Digital doorbells can protect your home, but here are the risks:

Maryland

FREDERICK, Md. (WDVM) — Digital doorbells are popular for many homeowners. They can show you activity outside your home through your smartphone, there are things that consumers need to be aware of with these devices.

When you hear the doorbell ring, you don’t always know who’s at your front door. Digital doorbells are something that homeowners use to ensure safety in and outside their homes.

“Put it outside of your house or right by your door, that push the button and ring you, you can receive notice on your phone or your smart device so that if you’re not home you would know someone’s at your house,” Darren Clark said, owner of Clark Computer Services”.

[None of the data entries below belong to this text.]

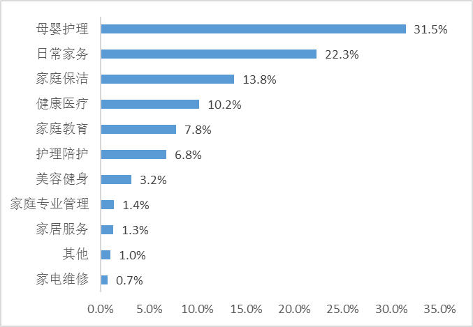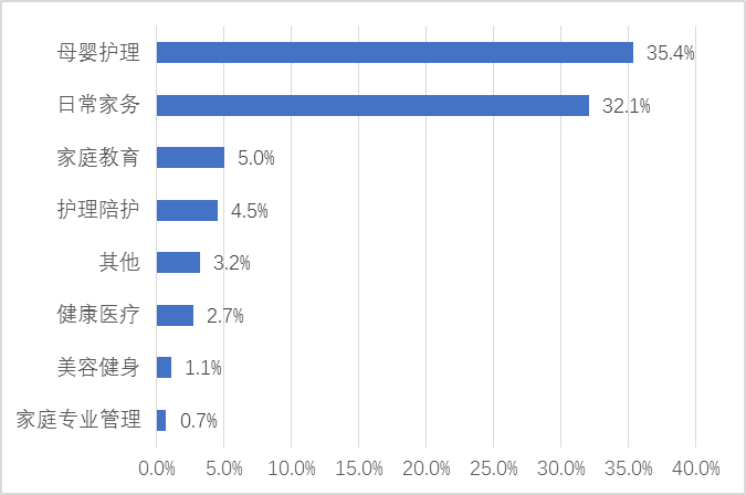 因家政服务种类繁杂细分,目前学界业界还未对家政服务给出明确的内容分类。我们结合目前家政市场现有的实际工种,拟定本报告所探讨的家政服务类别,将其分为家务劳动(做饭、洗衣、日常清洁等)、家庭保洁(专业清洁、家具养护、深度清洁等)、家居服务(搬家、房屋维修、家电安装、送水配送等)、护理陪护(老人陪护、病患护理等)、母婴护理(月嫂、育婴师、催乳师等)、家庭教育(育儿早教、家教辅导等)、健康医疗(营养师、康复理疗、医护上门等)、美容健身(美容师、美甲师、健身教练等)、家庭专业管理(高级管家、家庭理财顾问、家庭消费咨询等)、其他等11个大类。
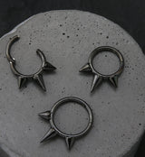 Black spiked hinged segment rings made from black pvd on 316L stainless steel. Hinged design makes for easy opening and closing. Size is 16G. Pick your diameter size from 5/16" (8mm) and 3/8" (10mm). Great for septum and cartilage piercings! Sold individually (1pc).
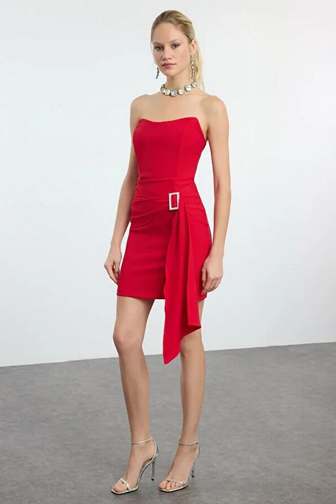 Kırmızı parlak renkte, drapeli ve straplez tasarımlı, vücuda oturan mini gece elbisesi. Çağdaş tarzda, romantik akşamlar için uygundur.
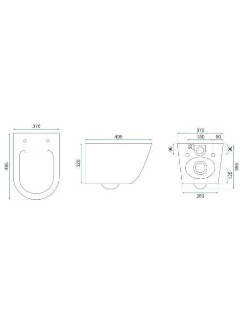 Rea Carlos perem nélküli fali WC csésze 37x49,5 cm mélyöblít
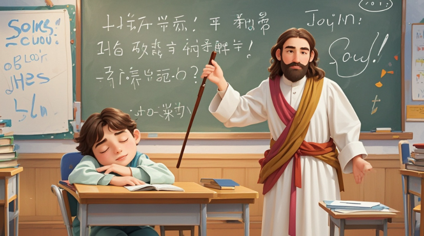 一位教师在课堂上打了一会儿瞌睡,当他醒来时,哄骗学生说:“我做了个梦,梦里我去见耶稣了。”
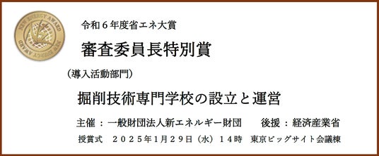 日本国内では、掘削技術者が不足しているおり、この技術者不足の解決策として掘削技術の専門学校を開校し、日本人技術者の養成をおこなっている。掘削技術者の人材不足という課題に対し、教育コンテンツも含め全く新たに教育機関を立ち上げた点及び多くの卒業生が地熱関連会社に就職しており地熱事業を支えている点が評価をいただきました。

Just like with other smart technology, the digital doorbell is like a computer, so it comes with vulnerabilities within the code on the device. Cybercriminals can capture the wireless traffic as its communicating across your wireless network.

“It’s sending the password out in clear text and the hacker can grab that password and then use it to join your wireless network,” Clark said.

Cybercriminals don’t have to ring the doorbell to gain access to your wireless network. They can be as far as the wireless signal travels. For optimal performance use, generally, you want to be within 50 to 100 feet of the wireless access point.

“That signal can travel a lot further and a cybercriminal that has a stronger antenna attached to their laptop could be sitting further away collecting the wireless traffic that you’re home network is generating,” Clark said.

Cyber officials say these are examples of things that could happen if you don’t keep your smart devices up to date with software that keeps them running properly.

“Is the device automatically receiving updates from the manufacturer or do you have to log on to it or use a smart app on your phone to apply the updates,” Clark says. Cyber officials say the more smart technology you incorporate into your home – the more at risk you are of being a victim of cybercrimes.